**** Dataset excerpts

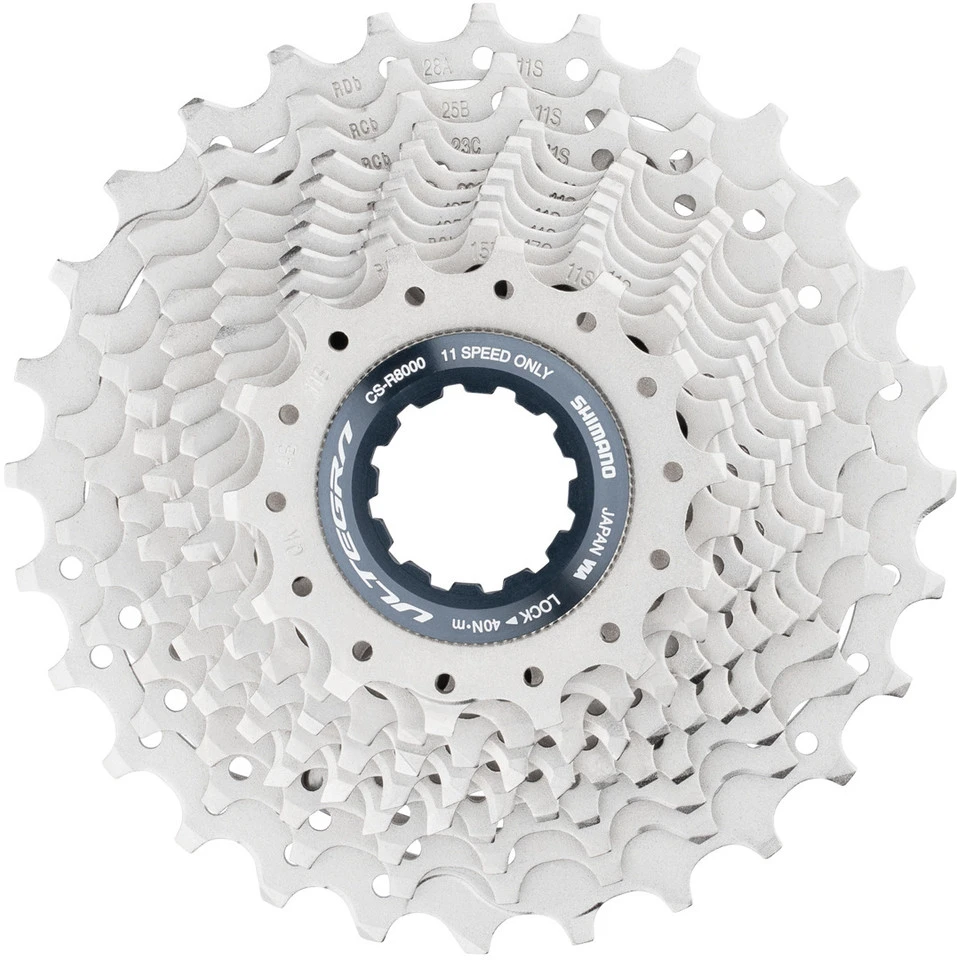 Abstufung:14-15-16-17-18-19-20-21-23-25-28 ZHerstellernummer:I-CSR800011428Lieferumfang:1 x Kassette Shimano Ultegra CS-R80001 x Abschlussring Shimano Aluminium
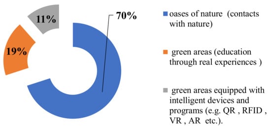 The second most important for the respondents is the implementation of educational, entertainment, and sports functions on the territory of the city parks. This is explained by the fact that these cities have a rather high level of development of social infrastructure in general. The megatrend for digitalization also influences sensory gardens and, in many cases, the use of QR-code technology in a sensory garden as a study tool has become popular [45]. This example is highly implemented in the VDNH park in Moscow.
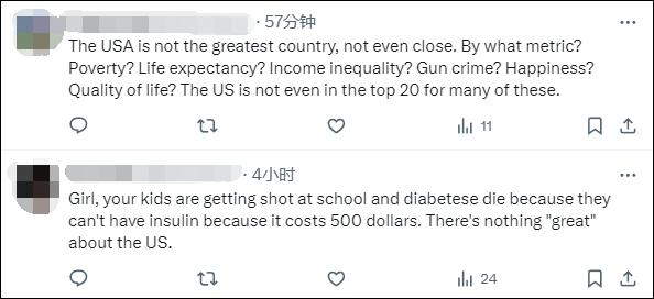 “女孩,你的孩子在学校遭遇枪击,糖尿病患者由于打不到500美元(约合人民币3600元)的胰岛素而死亡。美国没有什么“伟大”之处。”
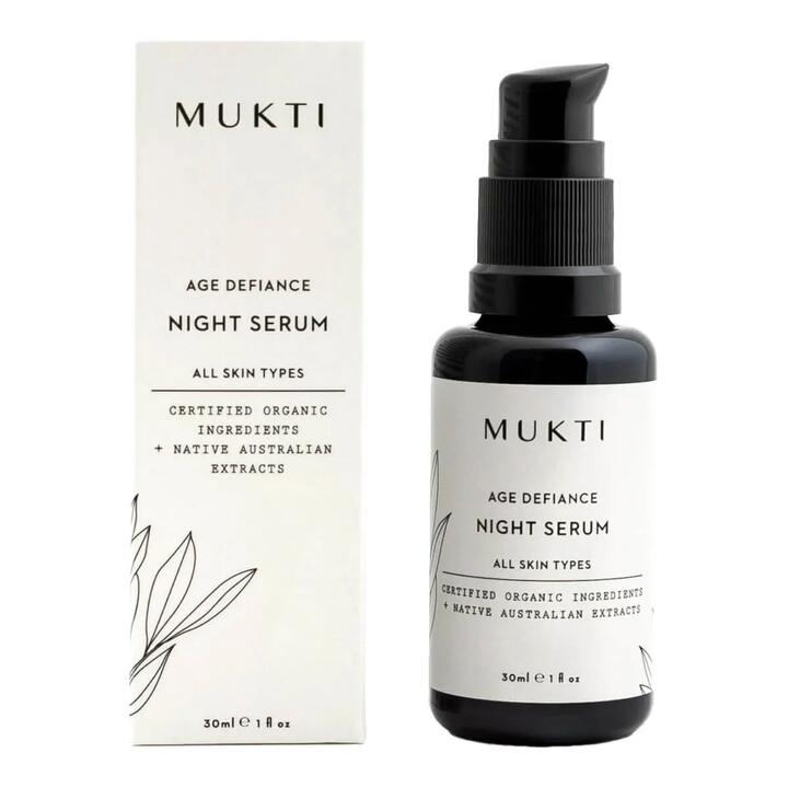 Mukti Age Defiance Night Serum is a gentle, exfoliating anti-ageing night serum that assists the skins repair and rejuvenation process.This potent renewal serum smooths the appearance of fine lines and wrinkles and may assist acne.Key actives such as Bakuchiol and Papaya Enzyme promote a refined complexion that exudes luminosity and brightness.Key Ingredients:
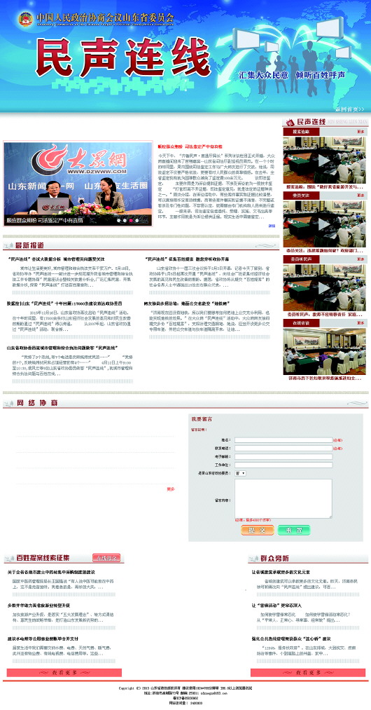 图为山东省政协官方网站“民声连线”页面。这个民意分析报告就来源于省政协“民声连线”活动的240万条网友评论等数据。
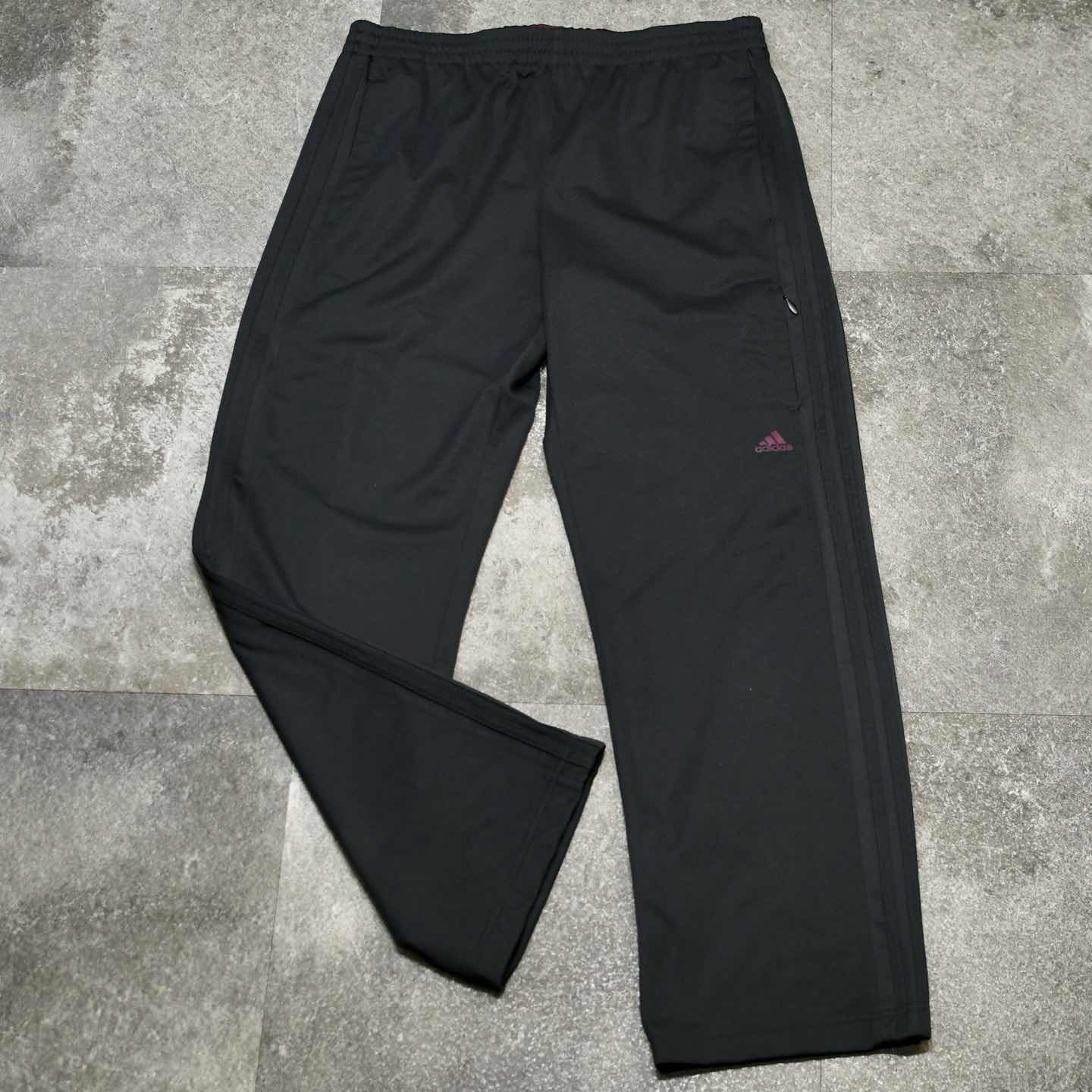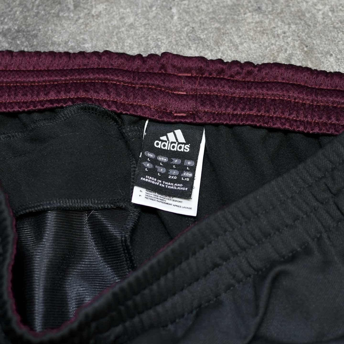 SIZE:L ウエスト~116cm(ドローコード付き) 総丈105cm 股下80cm わたり37cm 裾幅25cm fabric/poly 着用画像 177cm/64kg 左腿に付く小さなポケット、 そしてバーガンディ色のロゴに惹かれました。 ブラックにブラックのサイドラインという 組み合わせも、新鮮味がありつつ、さり気なく 主張する程度のデザイン。 だからこそ幅広いコーデに 落とし込めるのではないでしょうか。 裾まで太さをしっかり残した ストレートシルエットというのも、 ポイントが高い、、、 カラーリング、シルエット、ディテール。 どれも推せる一本です。 ※裾上げ等のレングス直しにつきましては、 購入前に、必ずご連絡お願い致します。 ※撮影状況により、実物と多少色が異なる 場合がございます。 ※古着を取り扱っているため、気づかない汚れや ほつれがある場合がございます。 ※サイズは着用感で選んでおり、 表記サイズではございません。 表記サイズは説明欄の最初に記載しております。 オーバーサイズ old vintage ヴィンテージ used 80's 90's POLO RALPH LAUREN Eddie Bauer OLD GAP LANDS' END ランズエンド LLBean エルエルビーン オールドギャップ エディーバウアー ラルフローレン ブルックスブラザーズ Brooks Brothers ワイドパンツ 黒 イージーパンツ などがお好きな方 #vintage #オーバーサイズ #old #used #90s #80s #古着 #ヴィンテージ #LLBean #エルエルビーン #EddieBauer #oldgap #オールドギャップ #LANDSEND #ラルフローレン #POLORALPHLAUREN #ブルックスブラザーズ #BrooksBrothers #トラックパンツ #ワイドパンツ #イージーパンツ #adidas

********

The entries must be repeated exactly. Leave the images out.

Result below:
 Abstufung:14-15-16-17-18-19-20-21-23-25-28 ZHerstellernummer:I-CSR800011428Lieferumfang:1 x Kassette Shimano Ultegra CS-R80001 x Abschlussring Shimano Aluminium
 The second most important for the respondents is the implementation of educational, entertainment, and sports functions on the territory of the city parks. This is explained by the fact that these cities have a rather high level of development of social infrastructure in general. The megatrend for digitalization also influences sensory gardens and, in many cases, the use of QR-code technology in a sensory garden as a study tool has become popular [45]. This example is highly implemented in the VDNH park in Moscow.
 “女孩,你的孩子在学校遭遇枪击,糖尿病患者由于打不到500美元(约合人民币3600元)的胰岛素而死亡。美国没有什么“伟大”之处。”
 Mukti Age Defiance Night Serum is a gentle, exfoliating anti-ageing night serum that assists the skins repair and rejuvenation process.This potent renewal serum smooths the appearance of fine lines and wrinkles and may assist acne.Key actives such as Bakuchiol and Papaya Enzyme promote a refined complexion that exudes luminosity and brightness.Key Ingredients:
 图为山东省政协官方网站“民声连线”页面。这个民意分析报告就来源于省政协“民声连线”活动的240万条网友评论等数据。
 SIZE:L ウエスト~116cm(ドローコード付き) 総丈105cm 股下80cm わたり37cm 裾幅25cm fabric/poly 着用画像 177cm/64kg 左腿に付く小さなポケット、 そしてバーガンディ色のロゴに惹かれました。 ブラックにブラックのサイドラインという 組み合わせも、新鮮味がありつつ、さり気なく 主張する程度のデザイン。 だからこそ幅広いコーデに 落とし込めるのではないでしょうか。 裾まで太さをしっかり残した ストレートシルエットというのも、 ポイントが高い、、、 カラーリング、シルエット、ディテール。 どれも推せる一本です。 ※裾上げ等のレングス直しにつきましては、 購入前に、必ずご連絡お願い致します。 ※撮影状況により、実物と多少色が異なる 場合がございます。 ※古着を取り扱っているため、気づかない汚れや ほつれがある場合がございます。 ※サイズは着用感で選んでおり、 表記サイズではございません。 表記サイズは説明欄の最初に記載しております。 オーバーサイズ old vintage ヴィンテージ used 80's 90's POLO RALPH LAUREN Eddie Bauer OLD GAP LANDS' END ランズエンド LLBean エルエルビーン オールドギャップ エディーバウアー ラルフローレン ブルックスブラザーズ Brooks Brothers ワイドパンツ 黒 イージーパンツ などがお好きな方 #vintage #オーバーサイズ #old #used #90s #80s #古着 #ヴィンテージ #LLBean #エルエルビーン #EddieBauer #oldgap #オールドギャップ #LANDSEND #ラルフローレン #POLORALPHLAUREN #ブルックスブラザーズ #BrooksBrothers #トラックパンツ #ワイドパンツ #イージーパンツ #adidas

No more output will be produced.